26. The communications system of claim 25 wherein the processor is
configured to processing the non-pilot channel includes producing
at least one non-pilot correlated symbol by correlating a signal
sequence with a spreading sequence that corresponds to the
non-pilot channel.
27. The communications system of claim 26 wherein the processor is
configured to producing the at least one non-pilot correlated
symbol includes processing signals that have been previously stored
in a memory.
28. The communications system of claim 25 wherein the processor is
configured to determine synchronization that includes computing a
correlated symbol and comparing the correlated symbol with a
predetermined threshold.
29. The communications system of claim 25 wherein the processor is
configured to process a pilot signal that includes producing a
correlated pilot symbol by correlating a signal sequence with a
network scrambling sequence.
30. The communications system of claim 25 wherein the processor is
configured to determine synchronization that includes computing a
probability based on correlated pilot symbols and non-pilot symbols
and checking whether the probability satisfies a threshold.
Description
BACKGROUND
[0001] This invention relates to processing non-pilot channels in a
code division multiple access (CDMA) searcher.
[0002] CDMA communication technologies can be utilized in wireless
communications systems such as cellular telephone systems. The
system can include base stations that communicate with mobile
stations over traffic channels using the same frequency. In such a
system, each mobile station is assigned a spreading-sequence (a
line of a n.times.n Walsh matrix in a contemporary CDMA
network(n=64,128,256)) and a scrambling sequence (a long
pseudorandom or gold sequence that is local to the base or to the
network in present CDMA networks) which are used to spread the
sequence of incoming signals, filtered to an assigned bandwidth in
order to recover transmitted information. Each base station
transmits, in addition, a pilot channel (currently transmitting the
base scrambling sequence with no information), which is received by
all local mobile stations. Each network base station of the same
location uses the same pilot code but with a different time offset
to enable each mobile state to distinguish the signals transmitted
from different base stations.
[0003] In order for the mobile station to use a traffic channel and
communicate through the communications network, the mobile station
needs to synchronize on a time scale with a nearby base station
using the pilot channel. Generally, a searcher receiver in each
mobile station attempts to synchronize with a base station by
correlating a scrambling sequence generated by the mobile station
with a sequence of incoming sampled signals.

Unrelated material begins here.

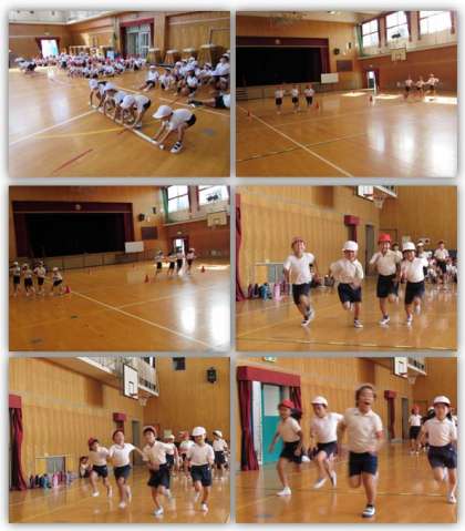 3年生の運動会の練習の様子です。今日は体育館での練習です。初めに、団体競技「ぐるぐるタイフーン」の練習を行いました。棒を持って走る3人、4人のメンバーはもちろん、帰ってきた棒を飛び越え、しゃがんで頭の上を通すチームの他のメンバーとも息が合わなければなりません。

BRIEF DESCRIPTION OF THE DRAWINGS
[0004] FIG. 1 is a block diagram of a communications system.
[0005] FIG. 2 is block diagram of a searcher receiver.
[0006] FIG. 3 is flow diagram of a method of operating the searcher
receiver according.
DETAILED DESCRIPTION
[0007] As shown in FIG. 1, a communications system 10 includes base
stations, such as base station 12, configured for radio
communications with one or more mobile stations such as mobile
station 14. The mobile station 14 is configured to transmit and
receive information in a CDMA network and hence it can communicate
with the base station 12.
[0008] The base station 12 transmits signals containing data to the
mobile station 14. In a CDMA embodiment, the base station 12 uses a
spread spectrum technique for transmitting data that occupies a
larger bandwidth than what is commonly required for conventional
techniques. This technique employs a code-sequence, which is
independent of the data, to modulate the data to be transmitted.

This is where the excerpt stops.